When writing programs, it is almost inevitable that you will make mistakes. In this section, we will talk about the different kinds of errors that are made, and how they are commonly handled.
Errors fall into two categories: syntax and semantic errors.
Syntax errors
A syntax error occurs when you write a statement that is not valid according to the grammar of the C++ language. For example:
if 5 > 6 then write "not equal";
Although this statement is understandable by humans, it is not valid according to C++ syntax. The correct C++ statement would be:
1if (5 > 6)
2    std::cout << "not equal";
Syntax errors are almost always caught by the compiler and are usually easy to fix. Consequently, we typically don’t worry about them too much.
Semantic errors
A semantic error occurs when a statement is syntactically valid, but does not do what the programmer intended. For example:
1for (int nCount=0; nCount<=3; nCount++)
2    std::cout << nCount << " ";
The programmer may have intended this statement to print 0 1 2, but it actually prints 0 1 2 3.
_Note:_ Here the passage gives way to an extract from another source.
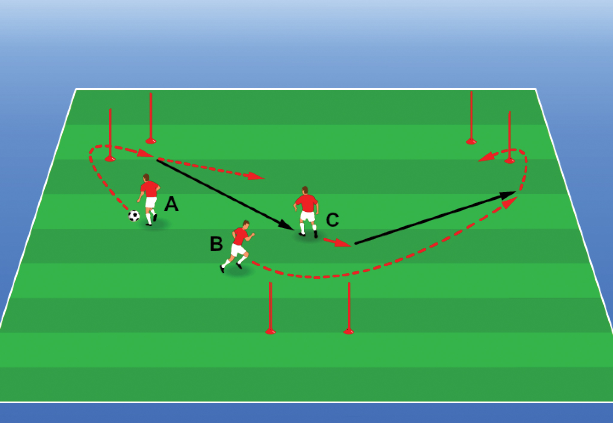 Procedure: Player A dribbles through the gate, and then looks up to play the ball to Player C (or Player B). Player C opens up and then combines with Player B on the overlapping run. Play continues in this pattern with players dribbling through the gates, looking to combine with one of the other two players. After five minutes, the direction of play changes to counter-clockwise.

Semantic errors are not caught by the compiler, and can have any number of effects: they may not show up at all, cause the program to produce the wrong output, cause erratic behavior, corrupt data, or cause the program to crash.
It is largely the semantic errors that we are concerned with.
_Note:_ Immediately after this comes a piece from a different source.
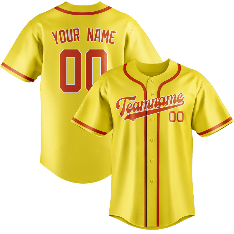 Custom Light Yellow Orange Red Baseball Jersey

Semantic errors can occur in a number of ways. One of the most common semantic errors is a logic error. A logic error occurs when the programmer incorrectly codes the logic of a statement. The above for statement example is a logic error. Here is another example:
1if (x >= 5)
2    std::cout << "x is greater than 5";
What happens when x is exactly 5? The conditional expression evaluates to true, and the program prints “x is greater than 5″. Logic errors can be easy or hard to locate, depending on the nature of the problem.
Another common semantic error is the violated assumption. A violated assumption occurs when the programmer assumes that something will be either true or false, and it isn’t. For example:
1char strHello[] = "Hello, world!";
2std::cout << "Enter an index: ";
3 
4int nIndex;
5std::cin >> nIndex;
6 
7std::cout << "Letter #" << nIndex << " is " << strHello[nIndex] << std::endl;
See the potential problem here? The programmer has assumed that the user will enter a value between 0 and the length of “Hello, world!”. If the user enters a negative number, or a large number, the array index nIndex will be out of bounds. In this case, since we are just reading a value, the program will probably print a garbage letter. But in other cases, the program might corrupt other variables, the stack, or crash.
Defensive programming is a form of program design that involves trying to identify areas where assumptions may be violated, and writing code that detects and handles any violation of those assumptions so that the program reacts in a predictable way when those violations do occur.
Detecting assumption errors
As it turns out, we can catch almost all assumptions that need to be checked in one of three locations:
  • When a function has been called, the user may have passed the function parameters that are semantically meaningless.
  • When a function returns, the return value may indicate that an error has occured.
  • When program receives input (either from the user, or a file), the input may not be in the correct format.
Consequently, the following rules should be used when programming defensively:
  • At the top of each function, check to make sure any parameters have appropriate values.
  • After a function is called, check it’s return value (if any), and any other error reporting mechanisms, to see if an error occured.
  • Validate any user input to make sure it meets the expected formatting or range criteria.
Let’s take a look at examples of each of these.
Problem: When a function is called, the user may have passed the function parameters that are semantically meaningless.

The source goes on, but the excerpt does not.